■ TASK DETAILS: Look in the data below for the line that has "The tree with", then print exactly every line from there through the line that has "A close-up, high-angle", leaving pictures out.

■ INFORMATION SUPPLIED:
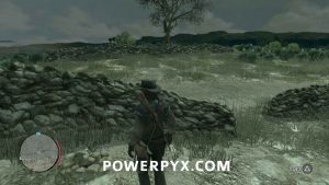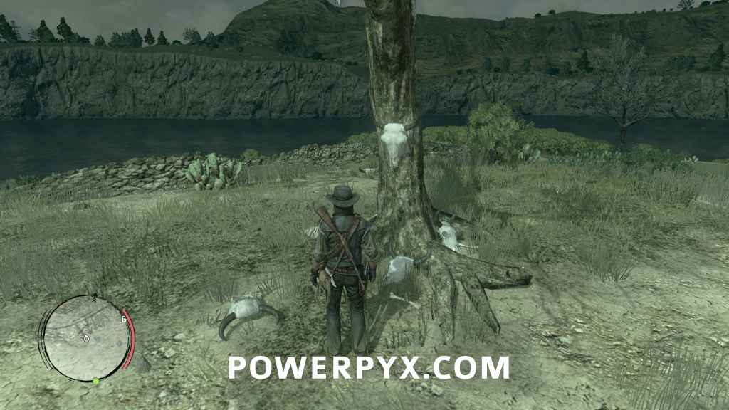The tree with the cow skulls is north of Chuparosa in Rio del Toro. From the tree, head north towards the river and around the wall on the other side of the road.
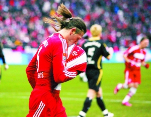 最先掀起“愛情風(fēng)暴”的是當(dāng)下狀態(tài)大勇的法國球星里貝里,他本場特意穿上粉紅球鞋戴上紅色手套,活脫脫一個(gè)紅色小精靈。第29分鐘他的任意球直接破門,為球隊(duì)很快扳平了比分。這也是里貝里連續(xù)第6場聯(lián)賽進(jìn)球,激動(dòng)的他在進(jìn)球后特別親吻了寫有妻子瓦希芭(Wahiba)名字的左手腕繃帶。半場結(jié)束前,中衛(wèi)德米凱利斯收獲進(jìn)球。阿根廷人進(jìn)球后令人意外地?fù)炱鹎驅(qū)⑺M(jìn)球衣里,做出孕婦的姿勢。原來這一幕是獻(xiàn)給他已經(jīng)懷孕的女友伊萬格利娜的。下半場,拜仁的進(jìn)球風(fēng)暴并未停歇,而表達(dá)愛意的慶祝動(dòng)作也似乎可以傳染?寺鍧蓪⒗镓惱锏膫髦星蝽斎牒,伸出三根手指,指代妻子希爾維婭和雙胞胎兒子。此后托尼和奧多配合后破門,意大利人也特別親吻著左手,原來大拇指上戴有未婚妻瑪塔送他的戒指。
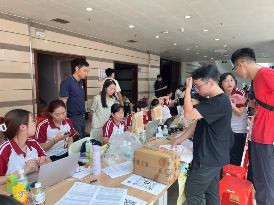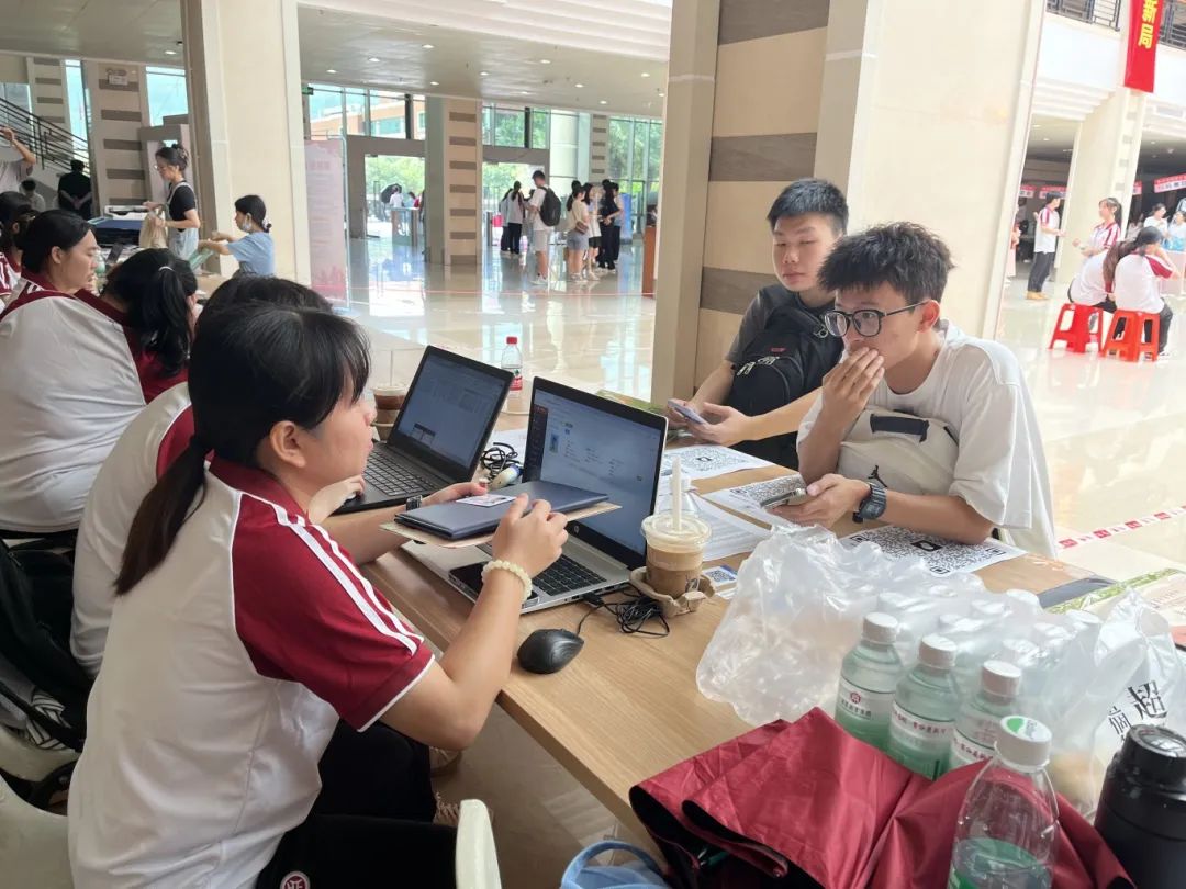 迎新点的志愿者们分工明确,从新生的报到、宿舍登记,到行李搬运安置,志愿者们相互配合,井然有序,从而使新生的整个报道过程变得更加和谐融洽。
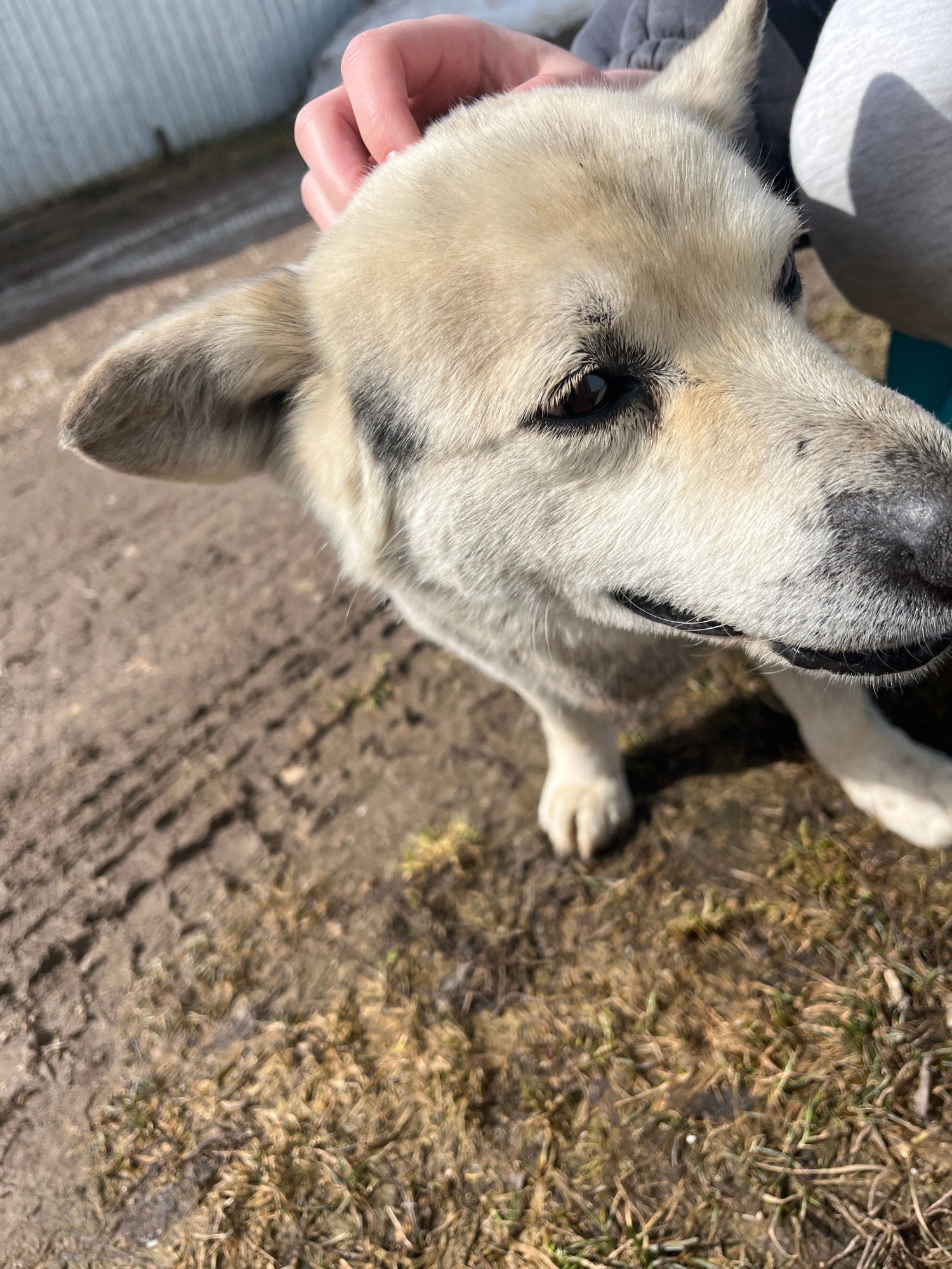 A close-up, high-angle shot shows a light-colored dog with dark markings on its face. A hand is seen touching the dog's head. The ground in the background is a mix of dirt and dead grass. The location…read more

==

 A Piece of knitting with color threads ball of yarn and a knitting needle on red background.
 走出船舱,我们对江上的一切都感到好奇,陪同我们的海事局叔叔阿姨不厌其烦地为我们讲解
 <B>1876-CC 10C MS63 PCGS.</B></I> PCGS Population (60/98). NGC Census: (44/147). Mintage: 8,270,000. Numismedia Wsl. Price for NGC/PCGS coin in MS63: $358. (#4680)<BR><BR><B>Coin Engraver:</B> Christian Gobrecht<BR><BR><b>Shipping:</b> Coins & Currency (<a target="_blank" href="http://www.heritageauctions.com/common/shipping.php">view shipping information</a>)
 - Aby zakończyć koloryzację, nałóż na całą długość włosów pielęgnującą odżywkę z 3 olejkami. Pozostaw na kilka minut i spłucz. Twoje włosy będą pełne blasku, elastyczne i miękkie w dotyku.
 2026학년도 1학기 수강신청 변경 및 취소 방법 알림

■ REPLY TO THE EXERCISE:
The tree with the cow skulls is north of Chuparosa in Rio del Toro. From the tree, head north towards the river and around the wall on the other side of the road.
 最先掀起“愛情風(fēng)暴”的是當(dāng)下狀態(tài)大勇的法國球星里貝里,他本場特意穿上粉紅球鞋戴上紅色手套,活脫脫一個(gè)紅色小精靈。第29分鐘他的任意球直接破門,為球隊(duì)很快扳平了比分。這也是里貝里連續(xù)第6場聯(lián)賽進(jìn)球,激動(dòng)的他在進(jìn)球后特別親吻了寫有妻子瓦希芭(Wahiba)名字的左手腕繃帶。半場結(jié)束前,中衛(wèi)德米凱利斯收獲進(jìn)球。阿根廷人進(jìn)球后令人意外地?fù)炱鹎驅(qū)⑺M(jìn)球衣里,做出孕婦的姿勢。原來這一幕是獻(xiàn)給他已經(jīng)懷孕的女友伊萬格利娜的。下半場,拜仁的進(jìn)球風(fēng)暴并未停歇,而表達(dá)愛意的慶祝動(dòng)作也似乎可以傳染?寺鍧蓪⒗镓惱锏膫髦星蝽斎牒,伸出三根手指,指代妻子希爾維婭和雙胞胎兒子。此后托尼和奧多配合后破門,意大利人也特別親吻著左手,原來大拇指上戴有未婚妻瑪塔送他的戒指。
 迎新点的志愿者们分工明确,从新生的报到、宿舍登记,到行李搬运安置,志愿者们相互配合,井然有序,从而使新生的整个报道过程变得更加和谐融洽。
 A close-up, high-angle shot shows a light-colored dog with dark markings on its face. A hand is seen touching the dog's head. The ground in the background is a mix of dirt and dead grass. The location…read more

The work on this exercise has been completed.